Top of Supplied information

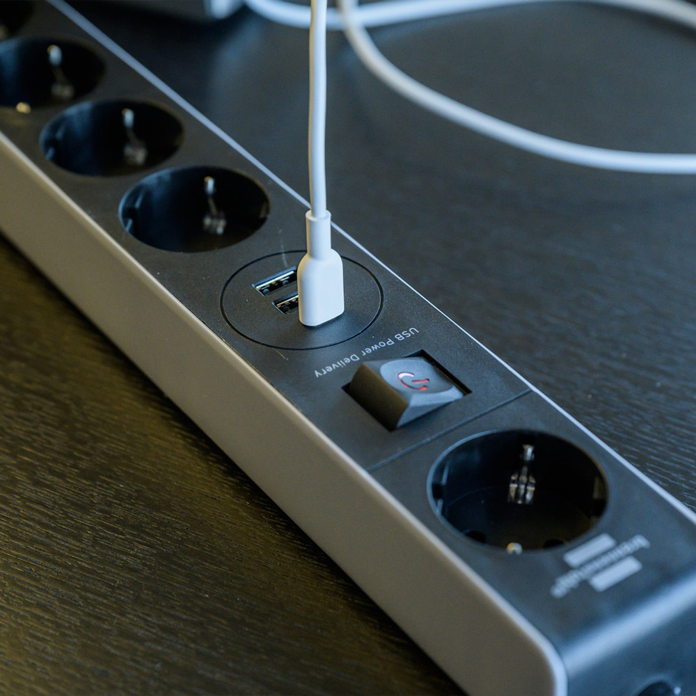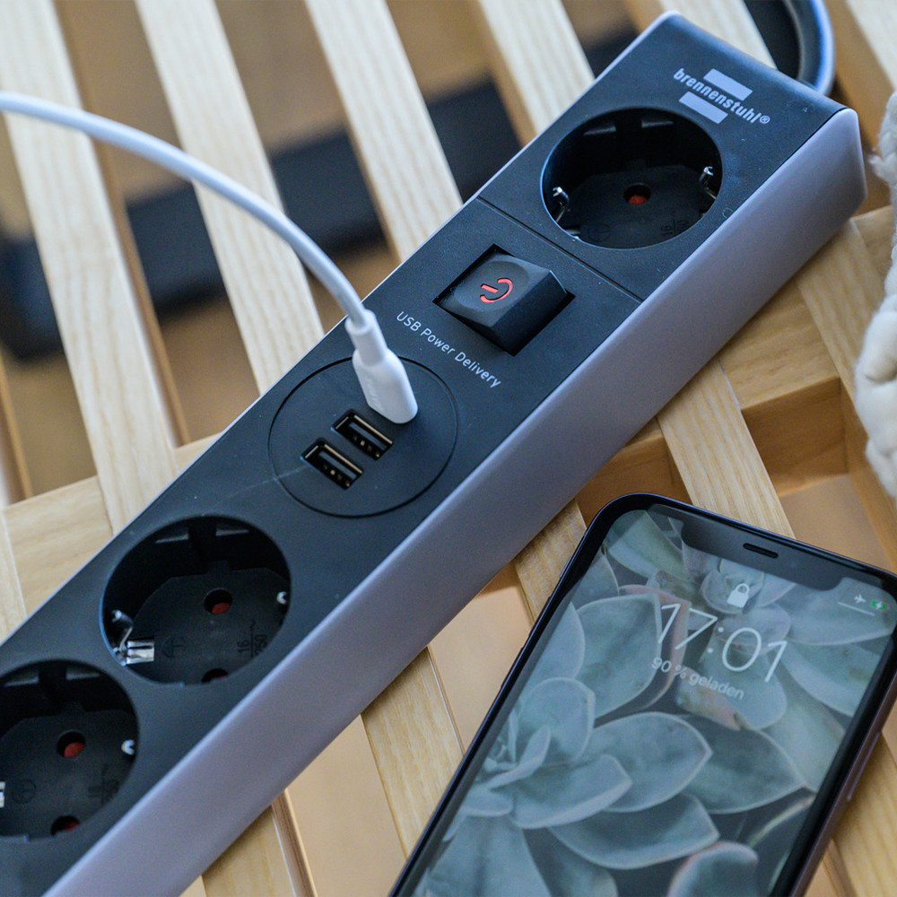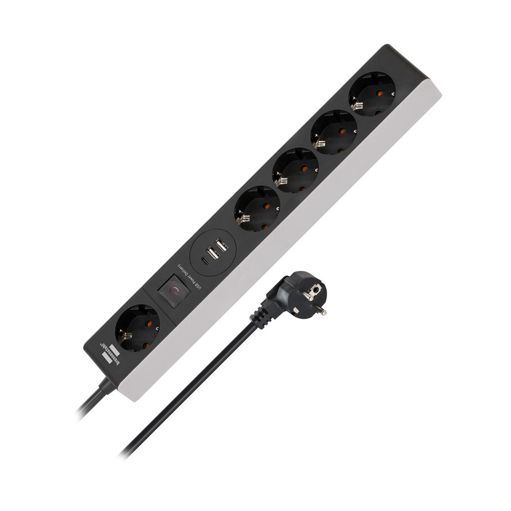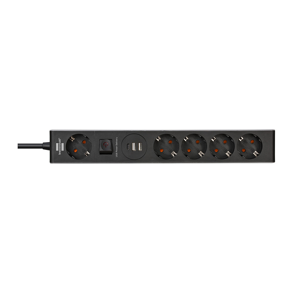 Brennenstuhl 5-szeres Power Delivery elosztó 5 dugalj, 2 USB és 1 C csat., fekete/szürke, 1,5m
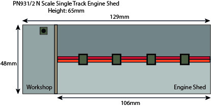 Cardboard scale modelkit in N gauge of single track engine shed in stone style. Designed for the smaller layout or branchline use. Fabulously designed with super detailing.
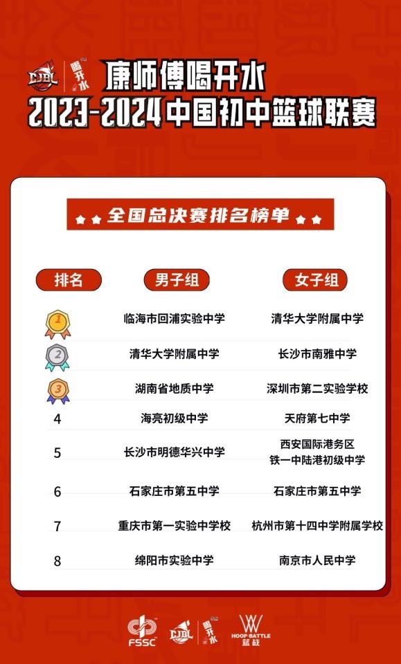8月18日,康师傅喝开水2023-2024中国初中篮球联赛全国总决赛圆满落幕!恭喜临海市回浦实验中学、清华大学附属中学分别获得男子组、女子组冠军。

Bottom of Supplied information

Task - Give back the material exactly as written, from its first line to the line that contains "Cardboard scale modelkit", and leave out the pictures.

Written response -
 Brennenstuhl 5-szeres Power Delivery elosztó 5 dugalj, 2 USB és 1 C csat., fekete/szürke, 1,5m
 Cardboard scale modelkit in N gauge of single track engine shed in stone style. Designed for the smaller layout or branchline use. Fabulously designed with super detailing.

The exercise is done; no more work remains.